Not an expert user of Glimmer but does it not provide proteins as output as well (perhaps by activating a parameter?)

0
Entering edit mode

I don't think Glimmer outputs CDS nucleotide and protein fasta file. I am looking for a way to translate the CDSs to proteins standalone. To be honest, not finding any suitable one. Could you please recommend one to me? Thanks! I am tryingto install transeq of EMBOSS but, transeq gives 6 frames and I just want translation of my CDSs. Moreover, I have prokka annotation result so I know what the translated protein sequence looks like, which is helpful for me to compare the result of translation from another program. Thanks

0
Entering edit mode

OK, I got to translate the CDS sequences to proteins using transeq. However, there is one issue I am facing, not all the starts are translated to methionine and I want to. I used the command:

transeq -sequence xx.fasta -outseq yy.fasta -trim -methionine

but in the ouptut protein fasta file, I do see some protein sequences starting with L and other amino acids than methionine. Any idea on how I can make transeq use only methionine for start codon? thanks!

0
Entering edit mode

Are you sure that all the sequences you provided to transeq start with an ATG?

Moreover, I think you will have to provide the methionine parameter as -methionine y . Why did you add the -trim option btw? if you have CDSs they should all end in a stop (or end of sequence), no?

0
Entering edit mode

You can limit transeq to only decode the +1 frame of your CDS (or any other frame). Have a look at the manual fro transeq

If you have prokka results, then those should come with proteins, no?

0
Entering edit mode

Thanks for the response! Most of the CDS start with ATG, about 90 to 95%. Moreover, when looking at prokka results, I see that all CDSs start with methionine. To translate, I just used the above command and got translations and didn't have to give any additional parameter for frames. I tried "-methionine y" but still not all star codons are converted to methionine. I gave "trim" to trim the "*" characters from the end of translated proteins.

One thing to mention here is: Yes, I have prokka protein translations of CDSs. I am using prokka and glimmer to produce CDSs and compare them for any missing ones. Thought this is a good approach rather than relying only on one ORF prediction tool.
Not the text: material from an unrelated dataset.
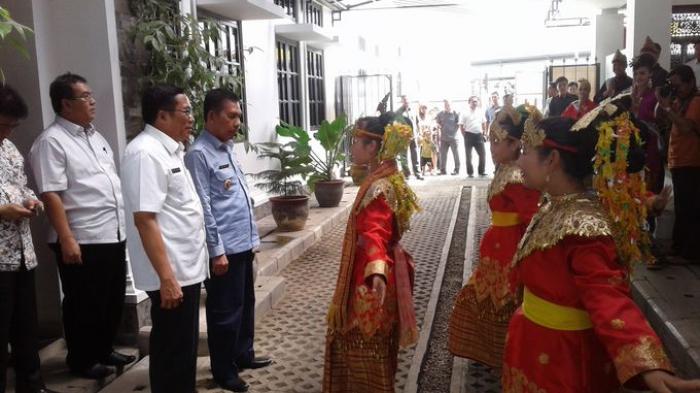Wakil gubernur berserta rombongan disambut dengan tarian mapak setelah tiba di rumah Dinas Bupati Empatlawang, Selasa (31/05/2016). Monitoring ini membahas persoalan dan kendala yang terjadi di kabupaten Empatlawang mengenai infrastruktur warga menuju akses ke pertanian.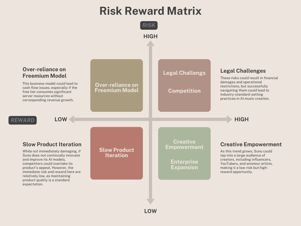 Legal Risks: The most significant risk facing Suno is potential litigation over copyright infringement. As an AI-driven platform that trains on large datasets, there is a high risk of being sued by music labels for using copyrighted materials without proper licensing. In 2024, the Recording Industry Association of America (RIAA) filed a lawsuit against Suno, raising concerns about the legality of its training methods.

Also, I see that CDSs translated from prokka have all methionines for the start codon. I compared it with glimmer CDSs. I don't think it matters much, but just wondering if I leave the translated proteins start codons to as it is in glimmer, does it really matter? All I am looking to do is, get annotations from prokka and glimmer and view them in a viewer or annotator for manual curations, if required. Thanks!

1
Entering edit mode

usually this will not matter much, as biological those domains are rarely found in N or C terminal regions of proteins (there are exceptions though). One thing you really do need to pay attention to is the 'reading frame' as long as you're using the correct reading frame you'll likely be OK .

I bluntly assumed you had transcripts you defined ORFs on , but I start to think you're talking about a gene prediction result on genomic data, is that so? If Glimmer outputs a gff (or such) file you can also convert that to CDSs / proteins . have a look here on the forum or on the internet to see how that's most easily done.